Sound Shore Med. Ctr. v New York Cent. Mut. Fire Ins. Co., 2013 NY Slip Op 02390 (2d Dept. 2013)
“On this appeal, we are asked to determine whether a no-fault UB-04 form is the functional equivalent of a no-fault New York State Form N-F 5 (hereinafter N-F 5 form), the receipt of which triggers the 30-day period in which a no-fault insurer is required to pay or deny a claim for no-fault benefits or request further verification. For the following reasons, we answer in the negative”
“When a no-fault claim has been assigned to a hospital or medical provider and the hospital or medical provider sends an N-F 5 form to the no-fault insurer, the no-fault insurer’s receipt of an N-F 5 form triggers the running of the 30-day period within which the insurer has a duty to pay or to deny the claim, or to seek verification of it (Hospital for Joint Diseases v Travelers Prop. Cas. Ins. Co., 9 NY3d 312, 317). Subsequent to the receipt of the N-F 5 form, if the insurer requires any additional information to evaluate the proof of claim, such request for verification must be made within 15 business days of the receipt of the N-F 5 form in order to toll the 30-day period (see 11 NYCRR 65-3.5[b]; Hospital for Joint Diseases v Travelers Prop.
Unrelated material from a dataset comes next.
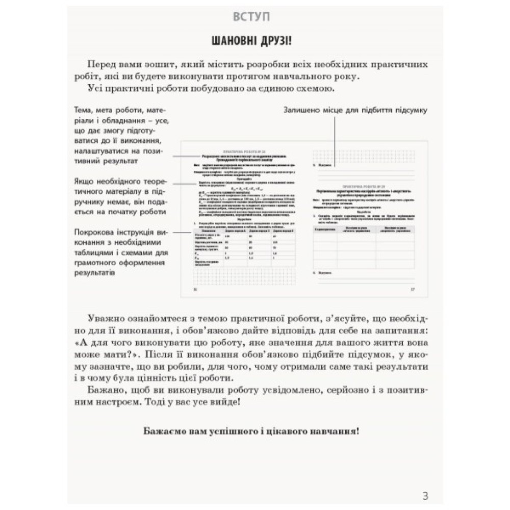 Зошит містить покрокові інструкції для виконання всіх практичних робіт, передбачених чинною програмою з біології і екології профільного рівня. Класичну структуру запропонованих робіт доповнюють теоретичні відомості та ілюстрації.

Cas. Ins. Co., 9 NY3d at 317)”
” The “UBF-1 form” referred to in 11 NYCRR 65-3.5(g) is the predecessor of the current “UB-04” form. Under 11 NYCRR 65-3.5(g), a UBF-1/UB-04 form together with an N-F 5 form must be accepted by a no-fault insurer. The regulation does not state that a UBF-1/UB-04 form alone must be treated as the “functional equivalent” of an N-F 5 form.”
The Appellate Division has now held that the NF-5 is now the loadstar for when the pay or deny clock begins. In other words, when you receive a UB-92, UB-04, UB-01 – this is insufficient. An NF-5 is what is needed when the hospital is the Applicant. Consequently, “verification” of the UB-04/UB-92/UB-01 received prior to the NF-5 is insufficient. Thus, the order of the Appellate Term, Second Department was reversed.